Deep Forest Algorithm: An Exploration to Non-NN Deep Models based on Non-Differentiable Modules

Zhi-Hua Zhou (Nanjing University)
→ Presentation
→ Article
Implementations - below

A professor from China spoke about the tree ensemble, which the authors call the first in-depth training on non-differentiable modules. This may seem too loud a statement, but this professor and his H-index 95 are invited speakers, this fact makes it possible to take the statement more seriously. The basic theory of Deep Forest has been developed a long time ago, the original article was already in 2017 (almost 200 citations), but the authors write libraries and improve the speed algorithm every year. And now, it seems, they have reached the level when this beautiful theory can finally be applied in practice.

General view of the Deep Forest architecture

Prerequisites

Deep models, which now mean deep neural networks, are used to capture complex dependencies in data. Moreover, it turned out that increasing the number of layers is more efficient than increasing the number of units on each layer. But neural networks have their disadvantages:

It takes a lot of data to not retrain,
It takes a lot of computing resources to learn in a reasonable time.
Too many hyperparameters that are difficult to configure optimally.

In addition, elements of deep neural networks are differentiable modules that are not necessarily effective for each task. Despite the complexity of neural networks, conceptually simple algorithms, like a random forest, often work better or not much worse. But for such algorithms you need to manually construct features, which is also difficult to do optimally.

Already, researchers have noticed that the ensembles at Kaggle: "very poverfull to do the practice", and inspired by the words of Scholl and Hinton about the fact that differentiation is the weakest side of Deep Learning, they decided to create an ensemble of trees with DL properties.

Slide “How to make a good ensemble”

The architecture was derived from the properties of the ensembles: the elements of the ensembles should not be very poor in quality and different.

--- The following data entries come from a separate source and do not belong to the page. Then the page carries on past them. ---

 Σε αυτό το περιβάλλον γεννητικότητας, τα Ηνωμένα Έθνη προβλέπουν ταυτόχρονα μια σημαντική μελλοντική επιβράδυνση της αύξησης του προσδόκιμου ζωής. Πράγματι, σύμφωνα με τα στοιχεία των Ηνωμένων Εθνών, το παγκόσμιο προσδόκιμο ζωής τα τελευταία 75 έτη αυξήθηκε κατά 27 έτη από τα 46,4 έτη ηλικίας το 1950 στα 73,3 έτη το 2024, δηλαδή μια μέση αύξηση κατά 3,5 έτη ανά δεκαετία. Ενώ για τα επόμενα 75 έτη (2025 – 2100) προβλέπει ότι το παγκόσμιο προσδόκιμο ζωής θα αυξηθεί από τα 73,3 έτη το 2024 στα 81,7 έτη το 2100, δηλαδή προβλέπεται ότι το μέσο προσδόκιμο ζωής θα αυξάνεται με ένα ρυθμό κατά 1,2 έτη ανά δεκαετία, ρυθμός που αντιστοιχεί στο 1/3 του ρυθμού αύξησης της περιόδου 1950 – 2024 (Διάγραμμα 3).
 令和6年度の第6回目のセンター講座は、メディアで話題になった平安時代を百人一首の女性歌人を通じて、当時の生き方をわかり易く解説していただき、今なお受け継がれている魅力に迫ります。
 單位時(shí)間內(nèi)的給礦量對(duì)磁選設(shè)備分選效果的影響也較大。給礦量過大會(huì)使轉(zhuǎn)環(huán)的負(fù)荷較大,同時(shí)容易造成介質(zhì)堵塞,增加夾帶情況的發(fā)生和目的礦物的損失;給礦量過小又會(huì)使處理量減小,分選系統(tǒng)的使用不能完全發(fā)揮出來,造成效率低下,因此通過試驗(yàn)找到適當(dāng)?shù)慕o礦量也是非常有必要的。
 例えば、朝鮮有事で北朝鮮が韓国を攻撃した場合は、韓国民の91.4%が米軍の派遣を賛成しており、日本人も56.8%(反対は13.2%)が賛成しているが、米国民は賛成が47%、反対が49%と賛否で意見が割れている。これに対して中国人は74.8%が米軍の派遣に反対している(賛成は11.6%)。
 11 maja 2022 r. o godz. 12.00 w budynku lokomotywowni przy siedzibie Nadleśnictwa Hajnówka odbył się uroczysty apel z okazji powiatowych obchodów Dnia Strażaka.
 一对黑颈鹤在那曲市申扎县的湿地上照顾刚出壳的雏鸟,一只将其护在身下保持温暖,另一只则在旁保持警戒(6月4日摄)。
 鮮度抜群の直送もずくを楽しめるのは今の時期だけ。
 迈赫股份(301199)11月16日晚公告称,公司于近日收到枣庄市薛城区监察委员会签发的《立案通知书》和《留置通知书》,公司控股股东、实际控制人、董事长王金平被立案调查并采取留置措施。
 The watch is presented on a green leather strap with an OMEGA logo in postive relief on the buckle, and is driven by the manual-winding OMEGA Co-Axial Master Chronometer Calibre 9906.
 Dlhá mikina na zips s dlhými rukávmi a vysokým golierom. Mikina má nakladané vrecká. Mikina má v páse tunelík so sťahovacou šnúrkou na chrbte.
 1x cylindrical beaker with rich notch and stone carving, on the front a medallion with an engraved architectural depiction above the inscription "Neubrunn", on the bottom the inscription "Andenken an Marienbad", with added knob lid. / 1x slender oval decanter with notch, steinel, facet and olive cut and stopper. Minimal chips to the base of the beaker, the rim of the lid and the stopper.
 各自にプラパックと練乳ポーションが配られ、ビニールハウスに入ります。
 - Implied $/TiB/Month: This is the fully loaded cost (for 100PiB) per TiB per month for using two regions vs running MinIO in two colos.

GcForest consists of two stages: Cascade Forest and Multi-Grained Scanning. Moreover, so that the cascade is not retrained, it consists of 2 types of trees - one of which is absolutely random trees that can be used on unpartitioned data. The number of layers is determined within the algorithm by cross-validation.

Two types of trees

results

In addition to the results on standard datasets, the authors tried to apply gcForest on transactions of the Chinese payment system for fraud searches and got F1 and AUC much higher than those of LR and DNN. These results are only in the presentation, but the code to run on some standard datasets is on Git.

Shutter Algorithm Results. mdDF is optimal Margin Distribution Deep Forest, a variant of gcForest

Pros:

Few hyperparameters, the number of layers is configured automatically within the algorithm.
Default options are set to work well on many tasks.
Adaptive complexity of the model, on small data - a small model
No need to set features
It works in comparable quality with deep neural networks, and sometimes better

Minuses:

Not accelerated on the GPU
In the pictures plays DNNs

Neural grids have a gradient damping problem, and deep woods have a problem of “diversity vanishing”. Since this is an ensemble, the more “different” and “good” elements to use - the higher the quality. The problem is that the authors have already reviewed almost all the classical approaches (sampling, randomization). Until new fundamental research appears in the “differences” topic, it will be difficult to improve the quality of deep forest. But now it is possible to improve the speed of calculations.

Reproducible results

XGBoost won such a cool gain on the tabular data, and wanted to reproduce the result. I took Adults datasets and applied GcForestCS (slightly accelerated version of GcForest) with parameters from the authors of the article and XGBoost with default parameters. In the example that the authors had, the categorical features were already pre-processed somehow, but not how. In the end, I used CatBoostEncoder and another metric - ROC AUC. The results were statistically different - XGBoost won. The running time of XGBoost is insignificant, and for gcForestCS - 20 minutes each, each cross-validation on 5 folds. On the other hand, the authors tested the algorithm on different datasets, and the parameters for this dataset were adjusted to their pre-processing features.

Code can be found here .

Implementations

→ Official code from the authors of the article
→ Official improved version, works faster, but there is no documentation
→ Implementation easier

PcLasso: the lasso meets principal components regression

J. Kenneth Tay, Jerome Friedman, Robert Tibshirani (Stanford University)

→ Article
→ Presentation
→ Example of use

In early 2019, J. Kenneth Tay, Jerome Friedman and Robert Tibshirani from Stanford University proposed a new method of teaching with a teacher, especially suitable for sparse data.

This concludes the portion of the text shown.